One has to snap under its pressure. Koji does, and it sets their platforms further apart. As she boards her train, content that her lackadaisical warmth for the past can keep her afloat, he cannot resist and boards her train. She spots him entering the carriage. There’s a great fear that Takamine’s face swallows with as little resistance as possible. As Naruse cuts back and forth, fear is beaten down by doubt, and doubt by hope, with only the shuffling of the wheels over tracks knocking on still air. She smirks, which is returned with a wide grin. As they take away to a place far away, everything else suspended while in motion, they finally settle to speak with each other on the same platform.

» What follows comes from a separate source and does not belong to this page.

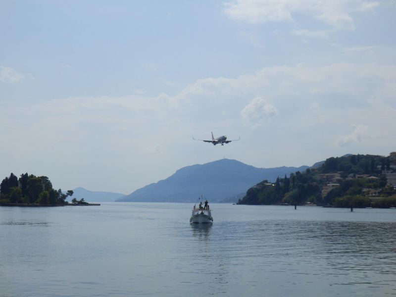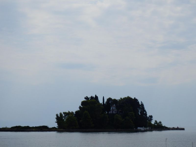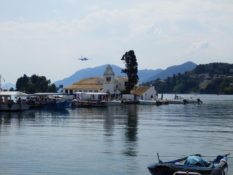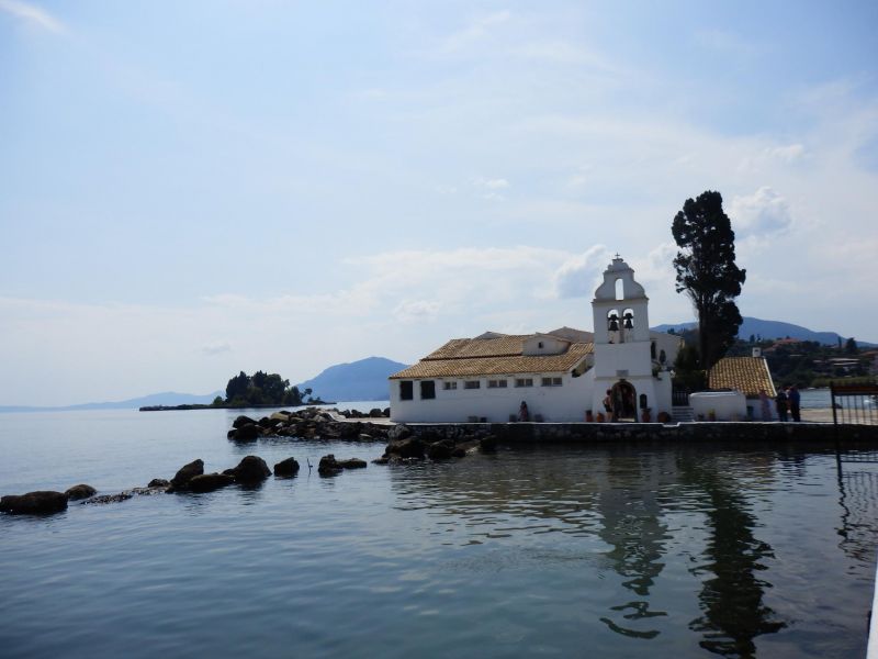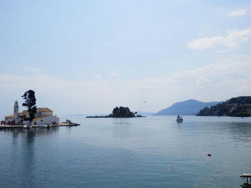 Буквально в нескольких сотен метрах от полосы находятся два очаровательных небольших острова, один c белоснежным монастырем Влахерна и часовней Девы Марии, и второй - крошечный Понтикониси (с греческого он и переводится как «мышиный остров») на нём расположен монастырь Пантократор, построенный в XII-XIII вв., но, к сожалению на втором не побывала, только любовалась с берега.

As dawn breaks and the cool morning sun stripes across his face, they have already drifted apart. As many have, she too realizes that she cannot love him for it would make life itself too unfamiliar for her. It all seems too much to answer, but as they disembark hastily at her request, she realizes that she must disengage yet slowly. What follows is then confession, resignation, and exile. She cannot abandon her moral standing nor her conjugal piety, and he cannot escape the weight of dead hope. Clouded over by war’s long-armed amnesia, one is led on too much by possibilities of the future and the other is sprung firmly back to the past. Flooded by morning light, she watches a man crushed by promise being taken away, proclaimed dead. Her face convulses with shock, but soon it settles, almost as if she reconciles within that her propriety would never have allowed a relationship that takes away the simpler comfort endowed to all survivors of war — to yearn and to do so endlessly, to live and re-live moments selectively, to pause only on what is pleasant. Strung together like a tapestry and acted intentionally to belie, Naruse and Takamine spin together one of the finest cinematic displays of spurned love, resembling a crown jewel for anyone who looks at their shared career.

Nonetheless, war has left many defeated civilizations. As Japan’s society is put through ordeals of the vanquished, so is Germany. Cultural undercurrents leading up to the war are the ones that often loom large over practices in the world after. With a host of filmmakers documenting a new rise for their respective nations, there is a great deal to be explored in the period immediately after the war for the two nations that were the most authoritarian. Taking this as a starting point, I plan to write more along this line of exploration, visiting and sometimes re-visiting the great pieces of post-war cinema from the eyes of the downfallen.